I had always wondered if a regular cam in a flared crack would hold a lead fall. Last summer I was leading a hard for me trad line in 11 Mile. I had a bomber X4 placed and decided to place a 0.75 C4 six inches or so higher due to the impending crux. Two of the C4's lobes were engaged perfectly with the crack at about 50% retraction while the outer two lobes were barely retracted and barely engaged with the flaring crack. I fell off at the crux which ripped the flared placement right out. It was an obviously poor placement which I got to verify as such.

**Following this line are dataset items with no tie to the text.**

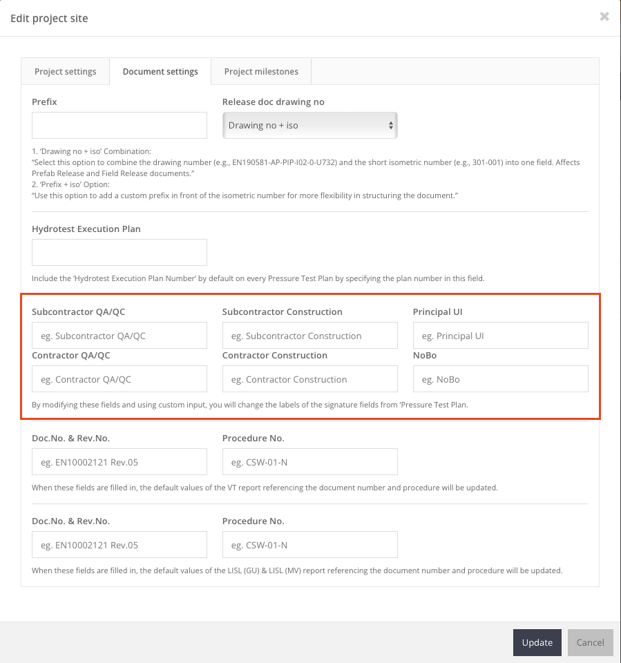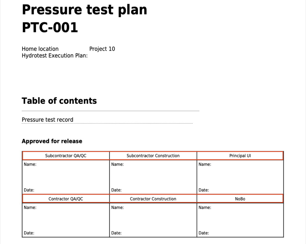 •Door deze velden in te vullen, worden de labels van handtekeningvelden in het Druktestplan automatisch aangepast, wat zorgt voor meer consistentie in de documentatie.
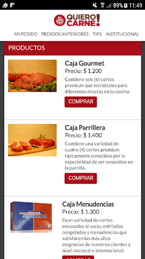 I want meat! realizes, through this application, sale and delivery of meat to private neighborhoods in the north and south of Greater Buenos Aires.
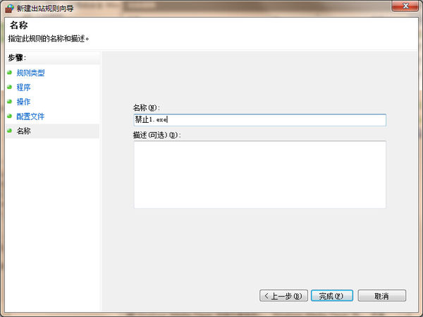 10、最后给新建的规则命名,可根据我们自己的实际情况来命名就可以了。最后点击完成按钮,重新启动电脑后,Windows10防火墙就会对刚刚指定的程序进行阻止其联网了。
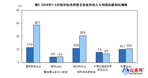 1-5月份,規(guī)模以上工業(yè)企業(yè)中,國(guó)有控股企業(yè)實(shí)現(xiàn)利潤(rùn)總額8103.5億元,同比增長(zhǎng)28.7%;集體企業(yè)實(shí)現(xiàn)利潤(rùn)總額93.1億元,增長(zhǎng)4.4%;股份制企業(yè)實(shí)現(xiàn)利潤(rùn)總額19119.8億元,增長(zhǎng)20.6%;外商及港澳臺(tái)商投資企業(yè)實(shí)現(xiàn)利潤(rùn)總額6739.1億元,增長(zhǎng)6.9%;私營(yíng)企業(yè)實(shí)現(xiàn)利潤(rùn)總額7466.2億元,增長(zhǎng)10.6%。
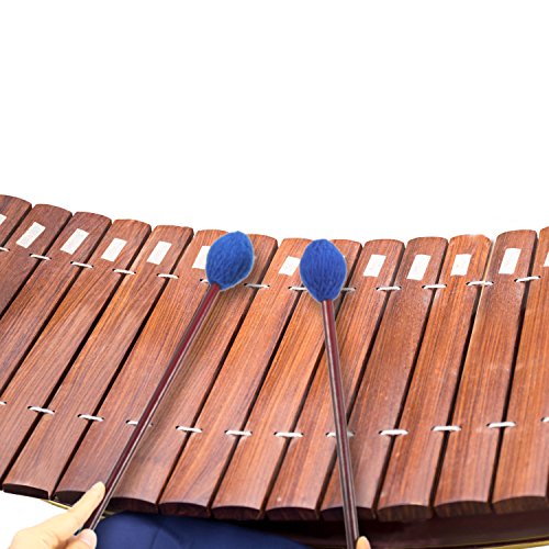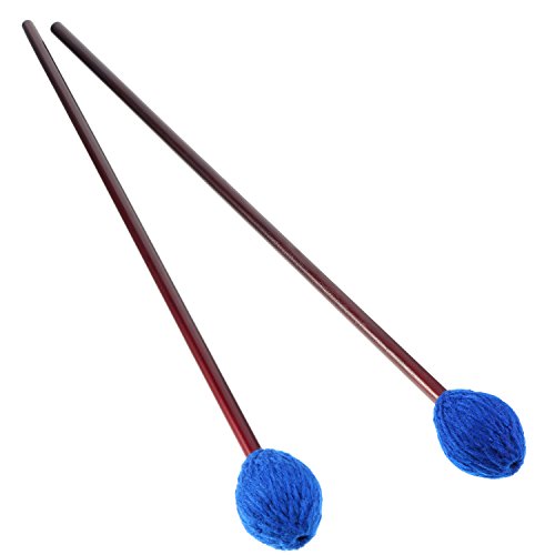 1 Pair medium hard yarn head keyboard marimba mallets with maple handles, blue Features: Medium yarn mallets: With medium hard round head for soft playing, suitable for all kinds of bass percussion instruments. Percussion mallets with long maple shafts: Offers you a proper weighted feel with these mallets; With smooth surface, comfortable to grip; And long enough to provide players with an increased reach range. Specification: Material: nylon yarn head, maple handle Color: blue head, dark brown handle Size (approx.): Total length: 42.5 cm/ 16.7 inch Head length: 4.5 cm/ 1.77 inch Head diameter: 3.5 cm/ 1.37 inch Handle length: 38 cm/ 15 inch Handle diameter: 0.8 cm/ 0.3 inch Package includes: 1 Pair of medium hard yarn marimba mallets 0
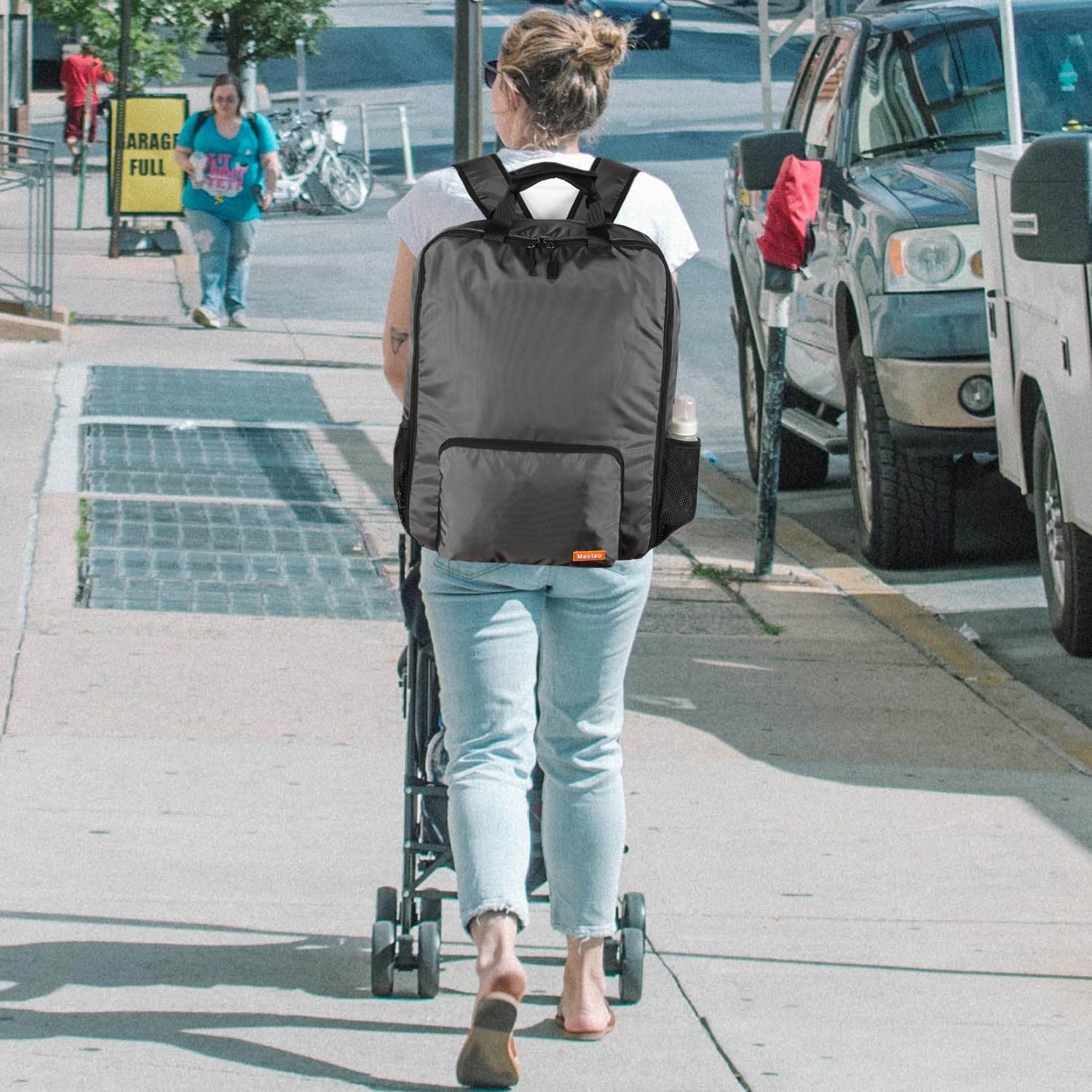 - 【Durable & Water-Resistant】 Made of durable & water-resistant nylon material to protect your baby stroller from the wear and able to isolate dirt. Metal double zipper makes the backpack open more smoothly and durable.
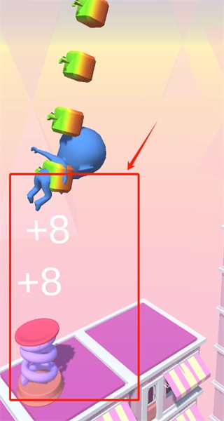 找准时机踩下弹簧起跳,持续撞击悬浮在空中的彩虹球,就能触发每次获得8分的奖励机制啦。

Kevin Mokracek · · Burbank · Joined Apr 2012 · Points: 200
John Ryan wrote:I had always wondered if a regular cam in a flared crack would hold a lead fall. Last summer I was leading a hard for me trad line in 11 Mile. I had a bomber X4 placed and decided to place a 0.75 C4 six inches or so higher due to the impending crux. Two of the C4's lobes were engaged perfectly with the crack at about 50% retraction while the outer two lobes were barely retracted and barely engaged with the flaring crack. I fell off at the crux which ripped the flared placement right out. It was an obviously poor placement which I got to verify as such.
This is a placement where Totems really shine IMO. A regular cams outer lobs and even an MC Off Sets outer lobes won't get much bite. A Totems lobes are evenly loaded or you can clip the inner lobes only and load those if the placement is really shallow.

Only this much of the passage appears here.